Why Dads Should Read to Kids at Bedtime & Moms Should Kick Back With a Glass of Wine

As a mom, do you enjoy story time with your kid? Even if you act out all the characters, apparently, it's not as good as a man. A study from Harvard University believes dads reading to kids is better.


Dr. Elizabeth Duursma (she's now at a university in Australia) and researchers claim dads reading stories to young children will have a stronger impact on language development. What's interesting is that girls in particular seem to benefit more from Dad reading.

It's okay to think this study totally comes from left field. After all, who would assume reading and development would be more effective if a man did it? Please don't misunderstand, men can read -- and be just as entertaining when it comes to reading stories to children as moms -- but this is ... interesting.

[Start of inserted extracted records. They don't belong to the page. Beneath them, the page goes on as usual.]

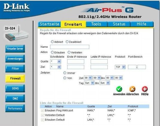 Es geht auch mit den D-Link. Dort gibt e ein Menue für Port-Forwarding. Wie es ganz grob geht: 1) Die Kamera auf z.B. IP X.Y.Z.122 Port 80 einstellen. 2) Im Router ein Port-Forwadring setzen z.B. Port 12222 umleiten auf IP X.Y.Z.122 Port 80 3) Wenn du jetzt von außerhalb im Browser eingibst: htt.. : //ROUTERIP:12222/ dann antwortet deine Kamera. ![]() Allerdings brauchst du auch einen DYNDNS Service, der die aktuelle IP deines Routers kennt. Die hier zu erklären wäre etwas zu aufwendig. Ein Pappenstil ist es aber nicht, etwas KnowHow ist notwendig, aber der Router ist völlig ausreichend. Kauf eine Kamera die bei Bewegung die Bilder per Mail sendet, damit weißt du wenn was passiert. Da brauchts keine :D Portumleitungen und kein DynDNS. Übrigens wird sich kaum jemand für eure Mails interessieren, wie Tante Brigittes Hühneraugen aussehen, etwas weniger RTL schauen und BILD lesen, dann hat man auch weniger Panik was sogenannten Datendiebstahl angeht. :D Und auch was die Verschlüsselungen angeht wird das nicht so heiß gegessen wie es gekocht wird. Im Urlaub wollen alle offene WLANs nutzen, zu Hause wird aber alles schön dicht gemacht.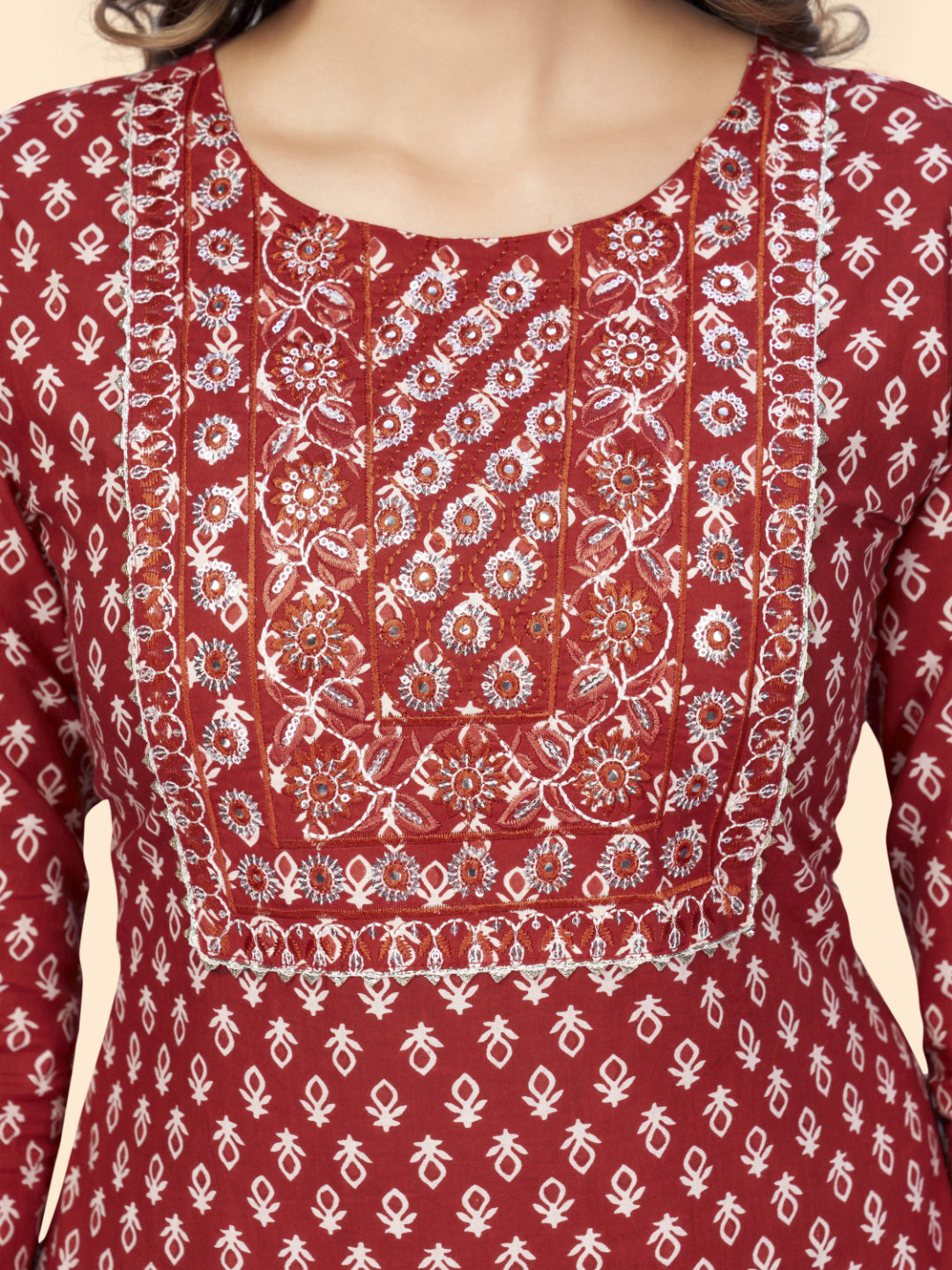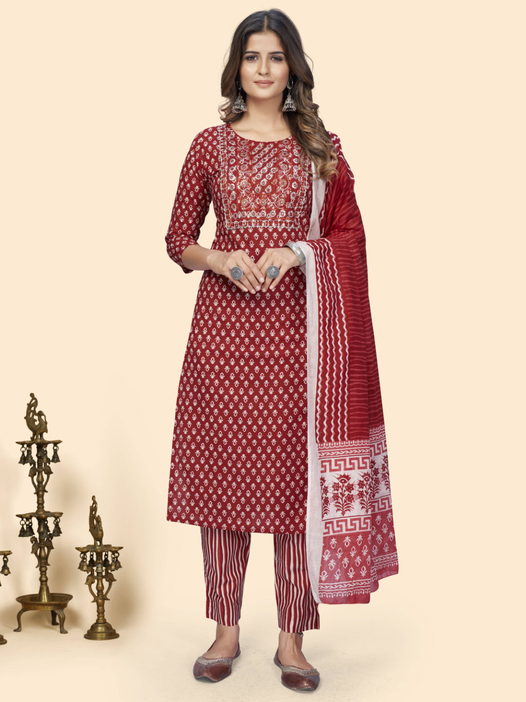 Be the show-stopper with this beautiful Red Embroidered Straight Cotton Kurta Set. The festive-wear set makes a statement with its stunning red color and elegant embroidery detail. Crafted with the finest cotton, it is sure to be a treasured wardrobe favorite this season!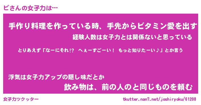 | ヘコむあだ名 | 『ビにゅー』『つくし』『ビっ子』 |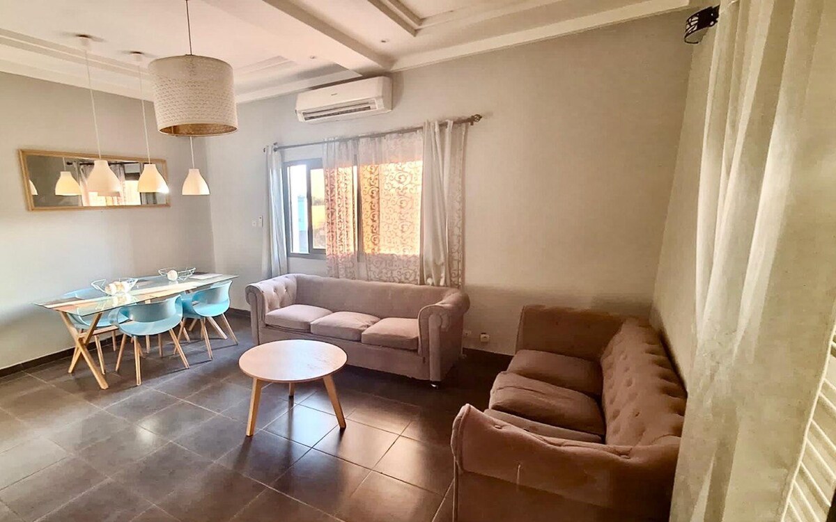 Relax in this quiet and stylish space. Welcome to our one bedroom apartment with living room, kitchen and bathroom. Ideal for couples or individual guests, our space offers all the comforts you need for a pleasant stay in Sebeninkoro. Enjoy a comfy bed, living room with TV, full kitchen, and modern bathroom. Close to aci 2000, our apartment is perfect for discovering Bamako. Great! Looking forward to having you stay with us!
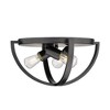 This transitional and industrial-chic design is ideal for lofts, farmhouses, and contemporary interiors. Curvaceous arms sit inside simple round frames. The extensive collection includes wall and ceiling fixtures. Fixtures may be purchased with or without metal mesh shades. The optional shades shield the exposed bulbs of these elemental fixtures. Available in multiple finishes, this 24" semi-flush is approved for damp locations and elongated to fit perfectly in hallways and other narrow spaces.
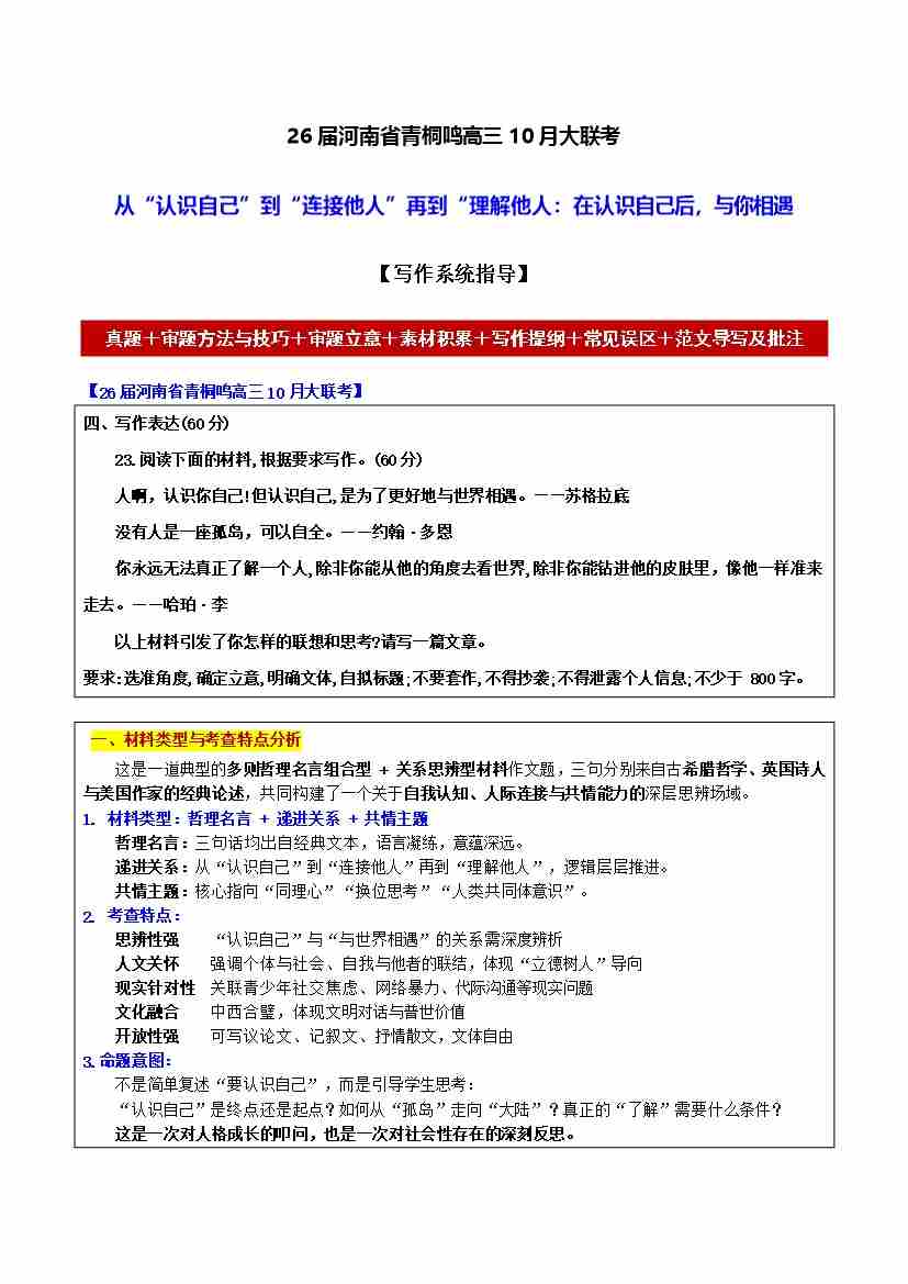 河南省青桐鸣高三10月大联考从“认识自己”到“连接他人”再到“理解他人:在认识自己后,与你相遇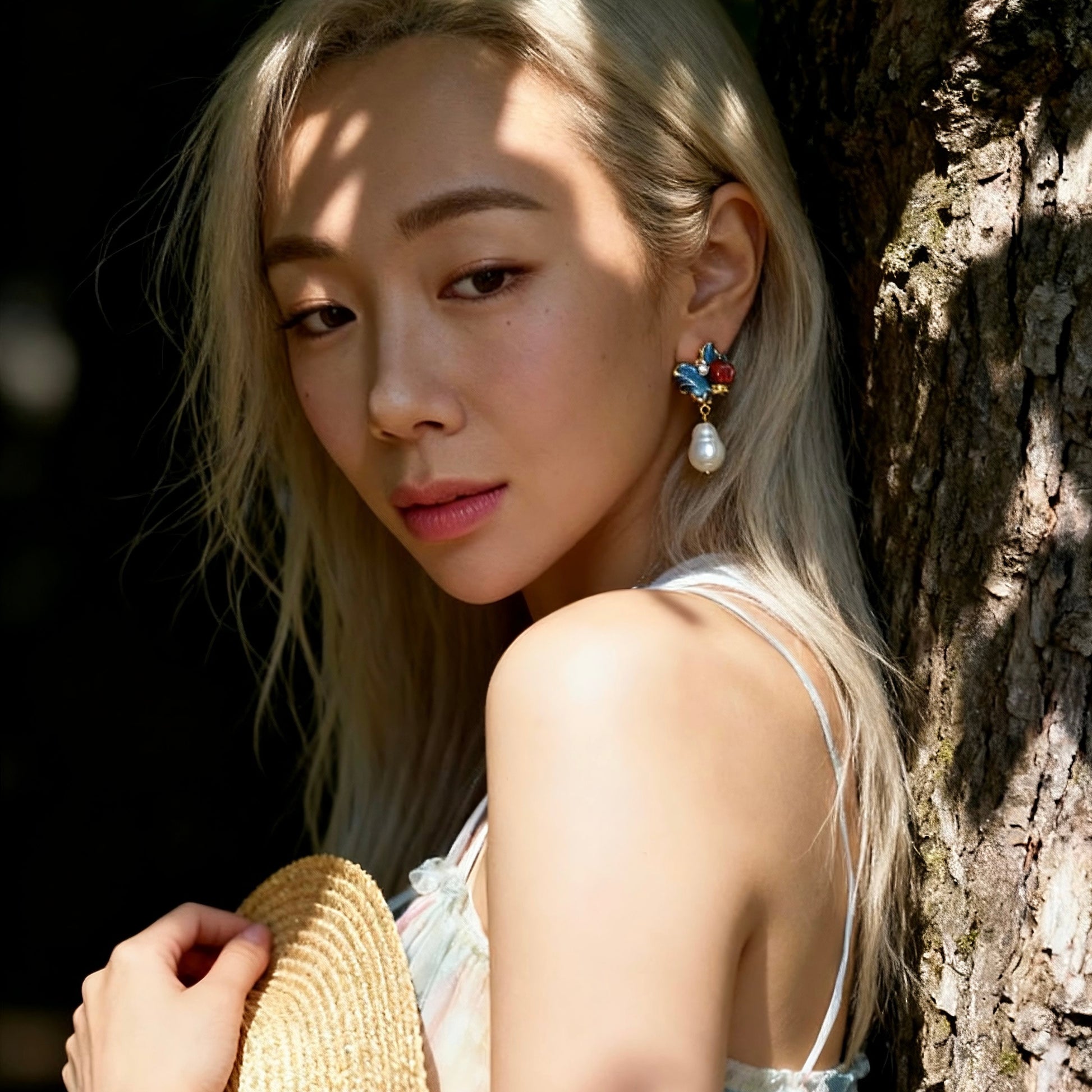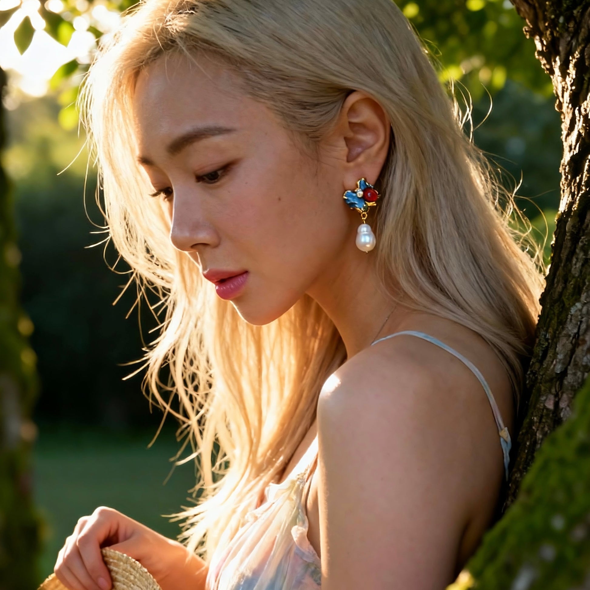 A striking blend of blue enamel petals, a warm red stone accent, and a luminous baroque pearl drop β these earrings add instant artistic elegance to any outfit.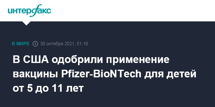 Pfizer и BioNTech заявили, что их вакцина против COVID-19 более чем на 90 % эффективна для защиты детей в возрасте от 5 до 11 лет от коронавируса, согласно исследованию, опубликованному FDA на прошлой неделе. Препарат предусматривает введение двух уколов с интервалом в три недели. Доза вакцины должна составлять 10 микрограммов по сравнению с 30 микрограммами, используемыми для людей 12 лет и старше.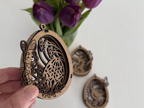 Intra απο ξύλο plywood Χρώμα wenge 3mm-4mm πάχος – Πασχαλινό αυγό με λαγουδάκι Δίασταση 5×3 cm INTRAFABR-89850648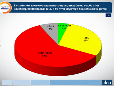 Χειρότερη θεωρεί ότι θα γίνει η οικονομική του κατάσταση το 60% όσων απαντούν, ενώ 29% εκτιμά ότι θα παραμείνει στα ίδια επίπεδα. Μόλις 4% απαντά ότι η οικονομική του κατάσταση θα βελτιωθεί.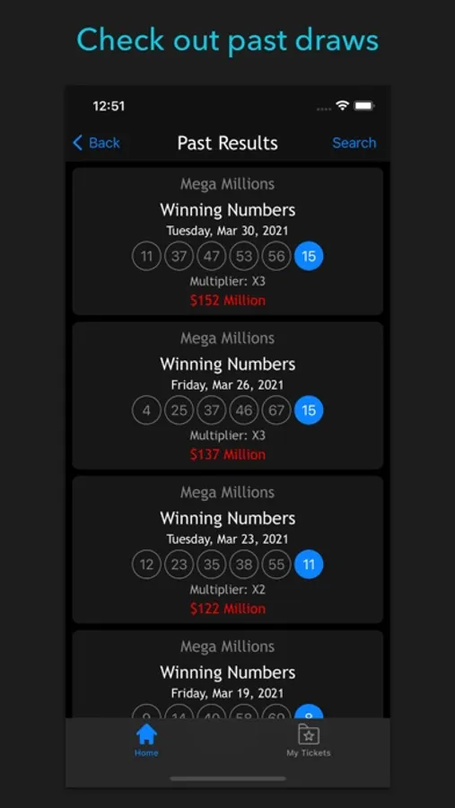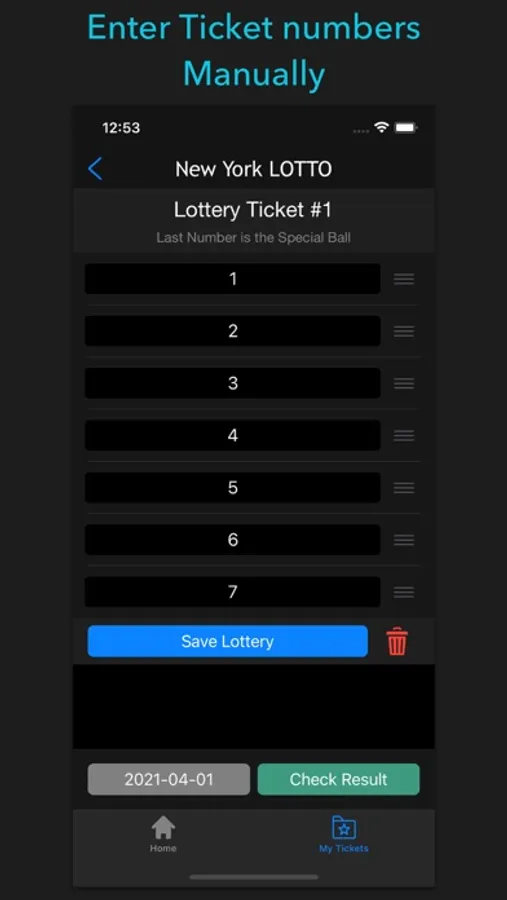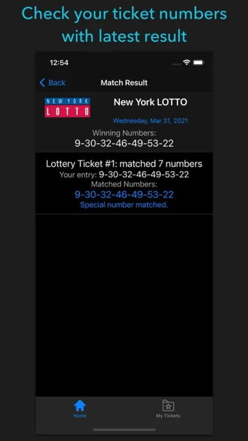 The jewel of this app is the Multiline Ticket Scanner which is easy, intuitive, very user-friendly, just like you want it. After the scan, you can match it immediately according to the lottery date, or you can save it for the future and keep records. Check out your tickets in the My Tickets tab and get everything you want to do with them, edit, delete, match results, you name it.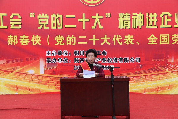 | 10月26日,公司邀請(qǐng)黨的二十大代表、全國(guó)勞模、銅川市耀州區(qū)石柱鎮(zhèn)西古莊村黨支部書(shū)記、村委會(huì)主任郝春俠進(jìn)企業(yè)宣講黨的二十大精神。 銅川市總工會(huì)相關(guān)負(fù)責(zé)人及公司領(lǐng)導(dǎo)出席會(huì)議,銅川市總工會(huì)機(jī)關(guān)、銘帝鋁業(yè)有限公司、陜西達(dá)美輪轂有限公司及公司黨員干部職工代表近600人參加此次會(huì)議。會(huì)議由公司黨委副書(shū)記李書(shū)平主持。 公司黨委書(shū)記、董事長(zhǎng)高曉兵致辭,對(duì)銅川市總工會(huì)黨組書(shū)記、常務(wù)副主席何建平和郝春俠代表的到來(lái)表示熱烈的歡迎和衷心的感謝。他表示,黨的十八大以來(lái),陜西美鑫公司始終堅(jiān)持以高質(zhì)量發(fā)展為主題,充分發(fā)揮國(guó)有企業(yè)在構(gòu)建“大循環(huán)、雙循環(huán)”發(fā)展新格局中應(yīng)有作用,積極踐行社會(huì)責(zé)任和企業(yè)擔(dān)當(dāng),為地方經(jīng)濟(jì)作出了積極貢獻(xiàn)。公司將倍加珍惜此次報(bào)告會(huì)帶來(lái)的高層次、高水平的實(shí)踐輔導(dǎo),以黨的二十大精神為指引,堅(jiān)決貫徹黨中央決策部署,擼起袖子加油干、風(fēng)雨無(wú)阻向前行,進(jìn)一步把循環(huán)經(jīng)濟(jì)產(chǎn)業(yè)鏈的藍(lán)圖繪就的更大更美好,以高質(zhì)量發(fā)展的實(shí)效來(lái)檢驗(yàn)學(xué)習(xí)成果。 “習(xí)近平總書(shū)記的講話,鏗鏘有力、振奮人心,如潮的掌聲一次又一次響起,讓人心潮澎湃、斗志昂揚(yáng)……”郝春俠分享思想收獲、傳遞飽滿熱情,這些真實(shí)感受和生動(dòng)實(shí)踐是最生動(dòng)、最有說(shuō)服力的教科書(shū),讓大家真真切切地接受了一次教育和洗禮。隨后,何建平通過(guò)對(duì)黨的二十大報(bào)告中的十五個(gè)部分內(nèi)容進(jìn)行分類(lèi)歸納和系統(tǒng)分析,提綱挈領(lǐng)式地傳達(dá)了黨的二十大精神,脈絡(luò)清晰、分析透徹,為更好地學(xué)深悟透黨的二十大精神提供了有力指導(dǎo)和幫助。 李書(shū)平強(qiáng)調(diào),要以此次學(xué)習(xí)為契機(jī),進(jìn)一步提高思想認(rèn)識(shí)、立足工作實(shí)際,把黨的二十大精神轉(zhuǎn)化為具體舉措和實(shí)際行動(dòng),為全面建設(shè)社會(huì)主義現(xiàn)代化國(guó)家、全面推進(jìn)中華民族偉大復(fù)興作出應(yīng)有貢獻(xiàn)。要深刻認(rèn)識(shí)黨的二十大勝利召開(kāi)的重大意義,深刻領(lǐng)會(huì)把握黨的二十大精神實(shí)質(zhì)和豐富內(nèi)涵。要深刻領(lǐng)會(huì)“五個(gè)牢牢把握”,推動(dòng)學(xué)習(xí)貫徹黨的二十大精神走深走實(shí),營(yíng)造濃厚學(xué)習(xí)氛圍,迅速掀起學(xué)習(xí)熱潮。要立足崗位實(shí)際,把學(xué)習(xí)教育成果轉(zhuǎn)化為開(kāi)新局、起好步的強(qiáng)大動(dòng)力,將黨的二十大部署要求落實(shí)到公司改革發(fā)展黨建各方面,一步一個(gè)腳印把黨的二十大精神付諸行動(dòng)、見(jiàn)之于成效。 會(huì)后,郝春俠還深入鋁鎂合金分公司鑄造車(chē)間與一線職工暢談黨的二十大精神學(xué)習(xí)貫徹感受體會(huì)。 公司職工紛紛表示,此次活動(dòng)不僅讓大家對(duì)黨的二十大精神有了較為全面系統(tǒng)的理解,也為大家深入學(xué)習(xí)黨的二十大精神提供了良好的方法指引。我們會(huì)把深入學(xué)習(xí)貫徹黨的二十大精神同學(xué)習(xí)貫徹習(xí)近平總書(shū)記來(lái)陜考察重要講話重要指示精神相結(jié)合,立足崗位、埋頭苦干,推動(dòng)各項(xiàng)工作穩(wěn)步向前,齊心協(xié)力奮力譜寫(xiě)企業(yè)高質(zhì)量發(fā)展新跨越新篇章。 |

Even though it's assumed most story reading is often done by mothers, when a father does it, it can be more special -- even encouraging more kids to use their imagination. Apparently, women ask technical questions, whereas men take the abstract route, and therefore push a child to use his or her brain more. Let's say you're reading a book about apple picking; a mom would likely ask how many apples are present, while a dad might mention that he has a similar bucket in the garage -- and ask whether or not the child remembers seeing it.

Honestly, all of this is a little strange to me. While I'm still not sold on this concept, I do agree with researchers that you should start reading to kids as soon as possible, preferably before age 2.

More from The Stir: 25 Top Chapter Books to Read With Your Child at Bedtime

Growing up, both of my parents read to me, though I have more vivid memories of my mom pulling out the books (in all fairness, my dad was a cop and worked at night). I remember her introducing me to tales full of adventure. Each night, we would nestle in my bed and take a journey between every page. There was mystery and excitement that really made me look forward to reading. Seeing as I learned to read before my third birthday, I think I did all right in the language department.

Look, we can roll our eyes and suck our teeth all we want at studies like this. Take them for face value, or ask questions.

If this study truly believes they have the research to back the fact that stories read by Dad are more beneficial, fine. I will gladly hand my husband all of our sons' books so he can read while I take a long soak in the tub, with a tall glass of white wine, some grapes, and a good book.

Do not disturb me, babe.

Remember, our children's language development is at stake here.